- Aim of the task -
Using the records below, transcribe exactly only the lines from the one with "当疫情来临时,学院学生事务办" through the end, both included, and drop every picture.

- Source data -
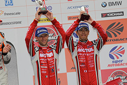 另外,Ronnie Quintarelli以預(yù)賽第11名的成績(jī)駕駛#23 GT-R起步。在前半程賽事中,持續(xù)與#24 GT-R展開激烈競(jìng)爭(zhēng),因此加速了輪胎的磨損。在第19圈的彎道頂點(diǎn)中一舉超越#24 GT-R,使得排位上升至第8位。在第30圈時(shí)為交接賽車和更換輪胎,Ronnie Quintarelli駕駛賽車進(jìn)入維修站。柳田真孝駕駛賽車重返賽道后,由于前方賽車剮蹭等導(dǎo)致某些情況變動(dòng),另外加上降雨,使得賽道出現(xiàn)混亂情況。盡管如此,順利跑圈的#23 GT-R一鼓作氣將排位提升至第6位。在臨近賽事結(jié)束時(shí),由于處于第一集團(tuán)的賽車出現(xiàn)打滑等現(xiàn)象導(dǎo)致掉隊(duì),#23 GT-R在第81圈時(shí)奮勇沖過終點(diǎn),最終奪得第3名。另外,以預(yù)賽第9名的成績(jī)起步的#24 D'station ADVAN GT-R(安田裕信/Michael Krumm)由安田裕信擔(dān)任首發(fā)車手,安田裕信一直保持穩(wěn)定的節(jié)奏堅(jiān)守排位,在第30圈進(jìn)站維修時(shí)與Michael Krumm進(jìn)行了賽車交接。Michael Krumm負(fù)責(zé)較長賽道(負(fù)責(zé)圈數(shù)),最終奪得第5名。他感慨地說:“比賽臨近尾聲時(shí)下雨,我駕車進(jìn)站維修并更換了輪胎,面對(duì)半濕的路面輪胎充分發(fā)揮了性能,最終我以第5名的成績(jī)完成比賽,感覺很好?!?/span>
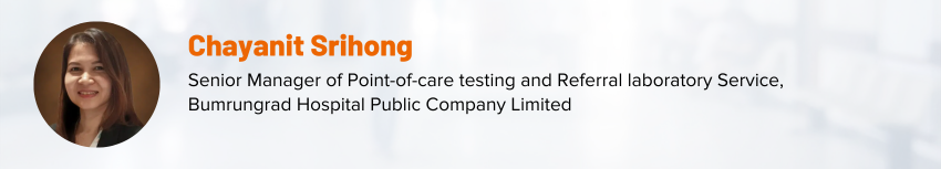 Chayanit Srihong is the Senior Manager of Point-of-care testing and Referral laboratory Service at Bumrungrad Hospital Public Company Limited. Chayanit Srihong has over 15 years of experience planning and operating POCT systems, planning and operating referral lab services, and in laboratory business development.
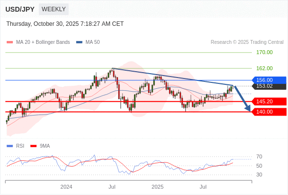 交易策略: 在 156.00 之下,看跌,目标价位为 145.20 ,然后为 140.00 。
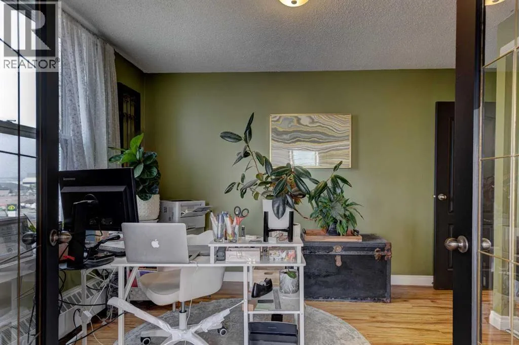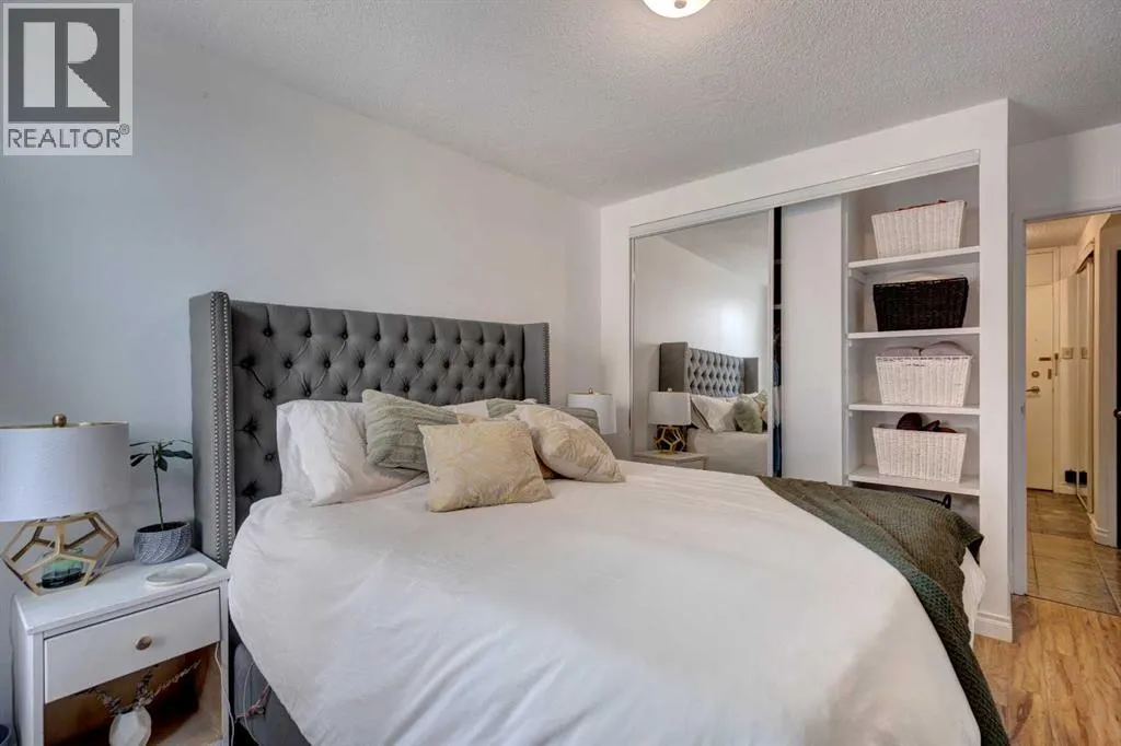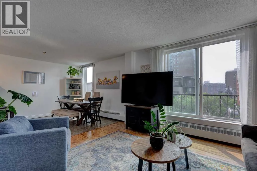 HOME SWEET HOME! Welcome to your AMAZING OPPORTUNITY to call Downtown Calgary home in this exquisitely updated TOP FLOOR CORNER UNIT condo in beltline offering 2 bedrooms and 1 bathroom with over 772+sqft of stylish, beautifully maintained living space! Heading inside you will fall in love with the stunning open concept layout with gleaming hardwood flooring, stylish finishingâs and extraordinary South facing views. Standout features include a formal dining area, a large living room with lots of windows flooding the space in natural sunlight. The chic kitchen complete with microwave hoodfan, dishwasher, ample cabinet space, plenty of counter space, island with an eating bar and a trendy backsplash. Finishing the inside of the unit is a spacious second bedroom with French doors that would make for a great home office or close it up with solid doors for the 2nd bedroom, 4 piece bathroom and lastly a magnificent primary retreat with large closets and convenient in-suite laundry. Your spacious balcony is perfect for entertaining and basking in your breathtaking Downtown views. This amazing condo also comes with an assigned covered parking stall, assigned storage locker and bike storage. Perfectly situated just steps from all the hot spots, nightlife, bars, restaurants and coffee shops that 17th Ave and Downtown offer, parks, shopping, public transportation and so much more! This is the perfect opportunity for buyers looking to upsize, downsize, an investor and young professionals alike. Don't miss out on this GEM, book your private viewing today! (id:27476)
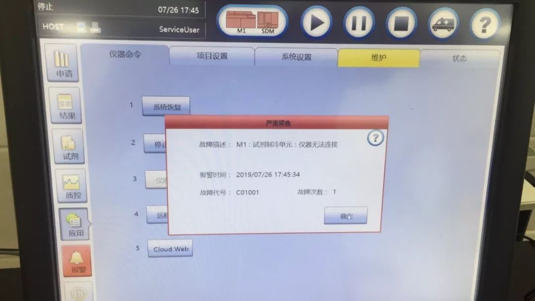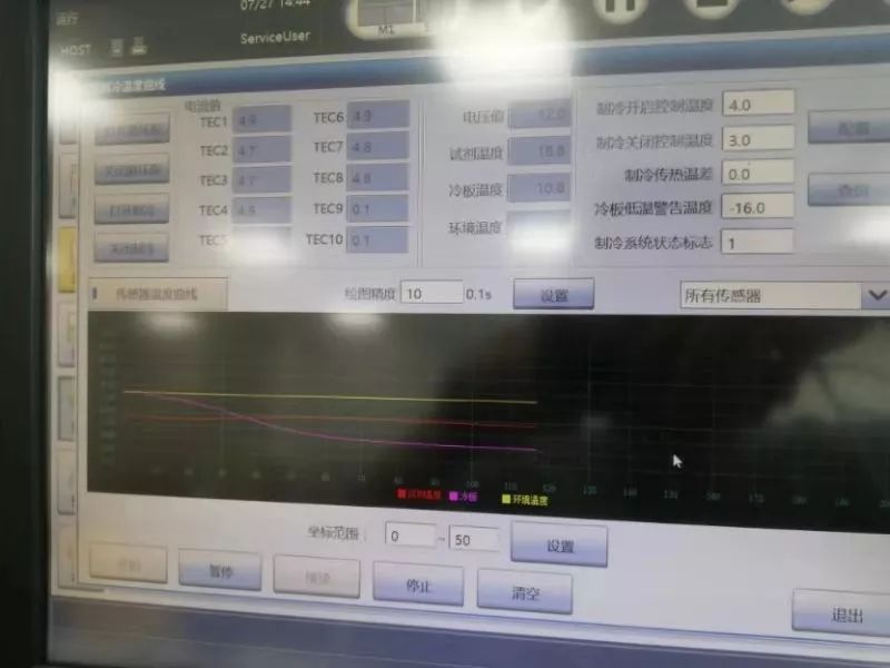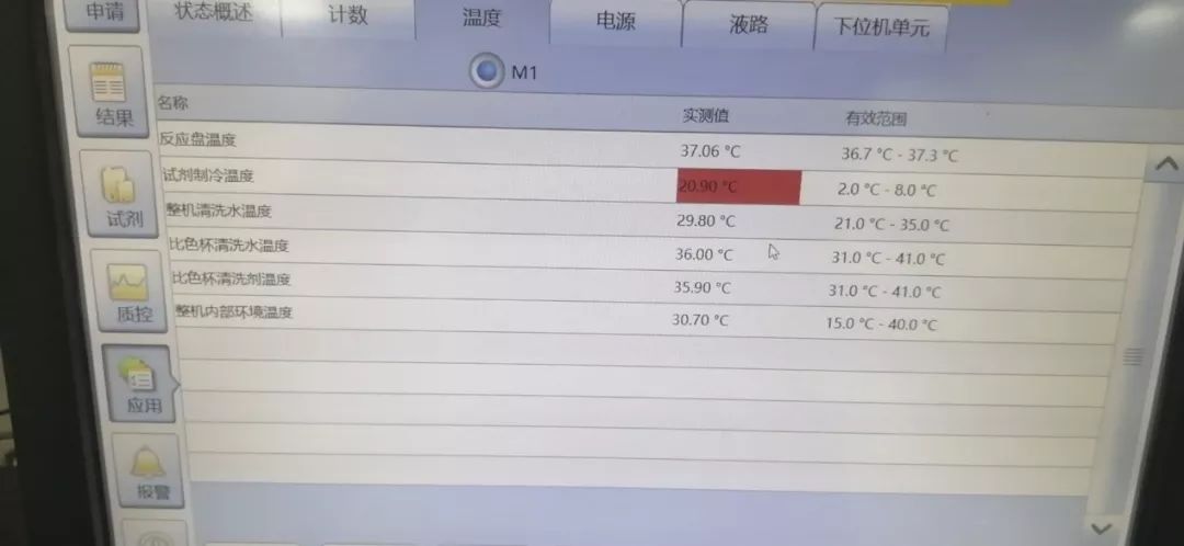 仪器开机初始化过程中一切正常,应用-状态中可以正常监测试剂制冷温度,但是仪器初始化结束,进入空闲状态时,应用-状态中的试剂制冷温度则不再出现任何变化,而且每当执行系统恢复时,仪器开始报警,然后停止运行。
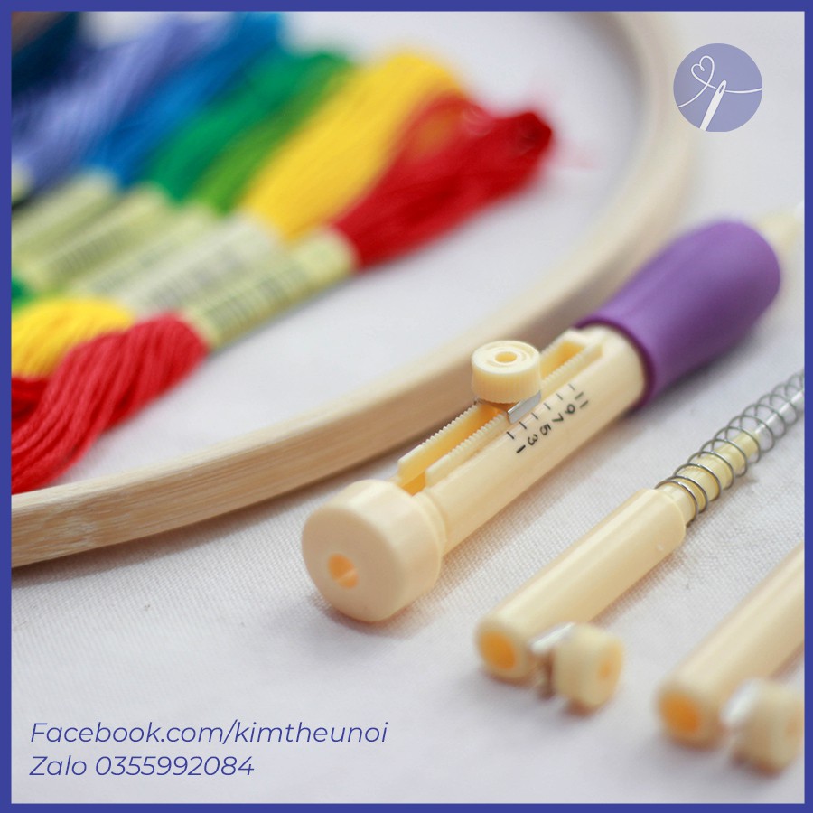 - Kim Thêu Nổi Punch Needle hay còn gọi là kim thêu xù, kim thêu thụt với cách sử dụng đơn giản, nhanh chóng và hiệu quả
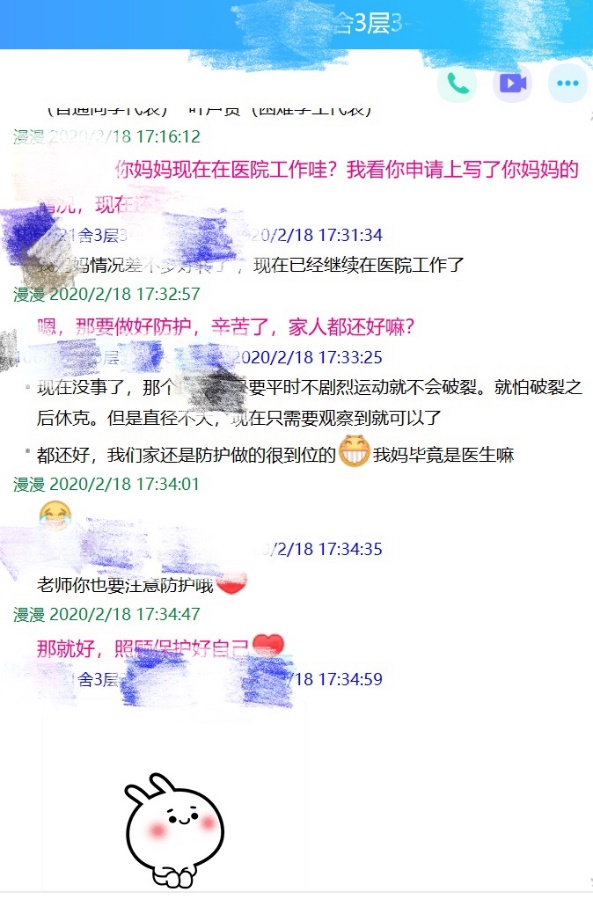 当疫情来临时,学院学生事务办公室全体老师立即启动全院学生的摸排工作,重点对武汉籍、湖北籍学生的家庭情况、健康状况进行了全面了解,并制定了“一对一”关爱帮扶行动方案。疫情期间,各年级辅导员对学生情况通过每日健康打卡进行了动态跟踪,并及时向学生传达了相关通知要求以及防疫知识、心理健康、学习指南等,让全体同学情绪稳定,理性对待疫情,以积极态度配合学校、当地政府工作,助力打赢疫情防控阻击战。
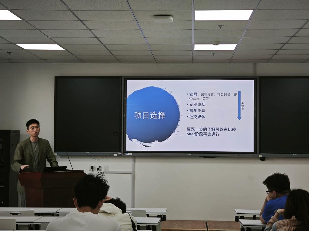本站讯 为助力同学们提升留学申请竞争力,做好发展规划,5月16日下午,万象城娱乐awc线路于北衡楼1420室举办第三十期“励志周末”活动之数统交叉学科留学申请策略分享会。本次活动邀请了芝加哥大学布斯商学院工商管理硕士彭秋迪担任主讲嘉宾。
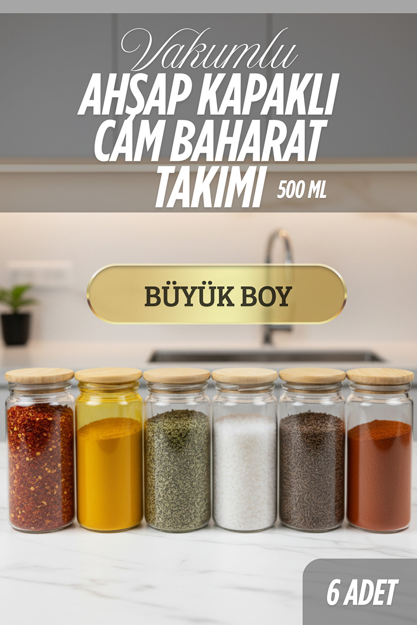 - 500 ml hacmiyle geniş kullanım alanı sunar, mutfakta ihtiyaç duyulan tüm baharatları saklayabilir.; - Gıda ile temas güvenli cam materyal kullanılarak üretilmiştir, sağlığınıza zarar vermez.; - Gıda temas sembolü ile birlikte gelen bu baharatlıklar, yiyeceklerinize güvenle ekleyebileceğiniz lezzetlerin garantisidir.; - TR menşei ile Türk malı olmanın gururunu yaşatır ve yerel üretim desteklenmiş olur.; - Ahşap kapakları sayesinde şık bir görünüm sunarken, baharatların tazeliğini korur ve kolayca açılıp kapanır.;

- Solution to this exercise -
 当疫情来临时,学院学生事务办公室全体老师立即启动全院学生的摸排工作,重点对武汉籍、湖北籍学生的家庭情况、健康状况进行了全面了解,并制定了“一对一”关爱帮扶行动方案。疫情期间,各年级辅导员对学生情况通过每日健康打卡进行了动态跟踪,并及时向学生传达了相关通知要求以及防疫知识、心理健康、学习指南等,让全体同学情绪稳定,理性对待疫情,以积极态度配合学校、当地政府工作,助力打赢疫情防控阻击战。
本站讯 为助力同学们提升留学申请竞争力,做好发展规划,5月16日下午,万象城娱乐awc线路于北衡楼1420室举办第三十期“励志周末”活动之数统交叉学科留学申请策略分享会。本次活动邀请了芝加哥大学布斯商学院工商管理硕士彭秋迪担任主讲嘉宾。
 - 500 ml hacmiyle geniş kullanım alanı sunar, mutfakta ihtiyaç duyulan tüm baharatları saklayabilir.; - Gıda ile temas güvenli cam materyal kullanılarak üretilmiştir, sağlığınıza zarar vermez.; - Gıda temas sembolü ile birlikte gelen bu baharatlıklar, yiyeceklerinize güvenle ekleyebileceğiniz lezzetlerin garantisidir.; - TR menşei ile Türk malı olmanın gururunu yaşatır ve yerel üretim desteklenmiş olur.; - Ahşap kapakları sayesinde şık bir görünüm sunarken, baharatların tazeliğini korur ve kolayca açılıp kapanır.;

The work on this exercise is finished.